2.  To injure any thing; to destroy, spoil or mar; to erase or obliterate; as, to deface letters or writing; to deface a note, deed, or bond; to deface a record.

3.  To injure the appearance; to disfigure.

1829 OCTAVO

1.  To destroy or mar the face or surface of a thing; to injure the superficies or beauty; to disfigure.

2.  To injure any thing; to destroy, spoil, or mar; to erase or obliterate.

3.  To injure the appearance; to disfigure.

Worcester and Goodrich also added some thirty thousand to forty thousand new definitions and increased the number of entry words to 83,000, some 16,000 more than the quarto. One of their first decisions very likely was to banish Webster’s long “Introductory Dissertation on the Origin, History, and Connection of the Languages of Western Asia and of Europe,” which began by considering in what language Adam and Eve spoke to each other and going on from there to his theories about the origins of all languages. Instead of that, in a way adding insult to injury, they added Walker’s Key to the Classical Pronunciation of Greek, Latin, and Scripture Proper Names, anathema to Webster. There was no denying that this was a superior dictionary to the 1828 quarto, and far more usable. Also it cost $6 (about $150 today), a price within the reach of thousands who could not afford the $20 quarto. Immediately, it sold well and continued to do so through the years in a series of printings, reaching a fifteenth in 1836, with a thoroughly revised edition under Good-rich’s total control appearing in 1844.
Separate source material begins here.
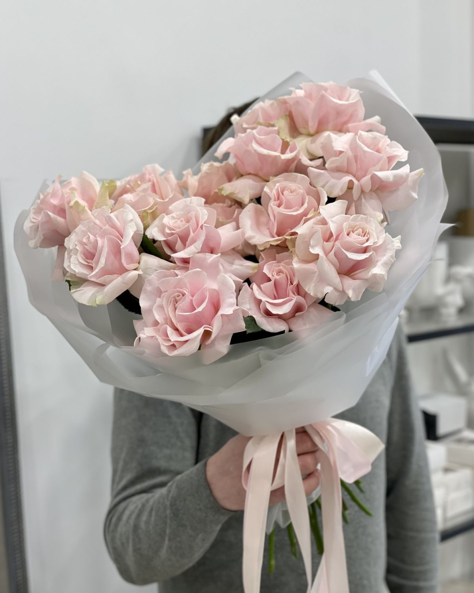Элегатный букет из французских розовых роз с бархатными волнистыми лепестками чудесный знак внимания для близкого человека. Сорт этих рох Pink Mondial всегда долго радует своей стойкостью и пастельным розовым цветов.

To give some idea of Worcester and Goodrich’s compression of Webster’s definitions, we might look again at those cited earlier from the quarto (see chapter 4, section 9). It is good to keep in mind, as we consider them, Good-rich’s major role at Yale as pastor and religious adviser. Education now is reduced to only the first two lines, or a quarter, of Webster’s definition: “The bringing up, as of a child; instruction; formation of manners.” Marriage is deprived entirely (the last six lines) of Webster’s portrait of God’s role in marriage. Two additional senses or meanings are added to marriage, “a feast made on the occasion of a marriage”; and the scriptural/theological sense, “the union between Christ and his church by the covenant of grace.” For purpose all reference to a “Supreme Being” in the quarto is dropped; and while all five of Webster’s senses remain, they are drastically reduced, with one being judged as “hardly to be distinguished from the former.” Twenty-nine lines are cut down to nine. Forty-three long-winded lines of Webster’s war are now compressed into eleven lines, though all six of his senses are retained. Woman is shortened from fourteen lines to three; Webster’s two senses remain, but his religious and cautionary message is eliminated. No mention is made of a woman being “soft, mild, pitiful, and flexible.” From these examples alone, it is obvious that the definitions are purged of Webster’s personal views on these and thousands of other subjects.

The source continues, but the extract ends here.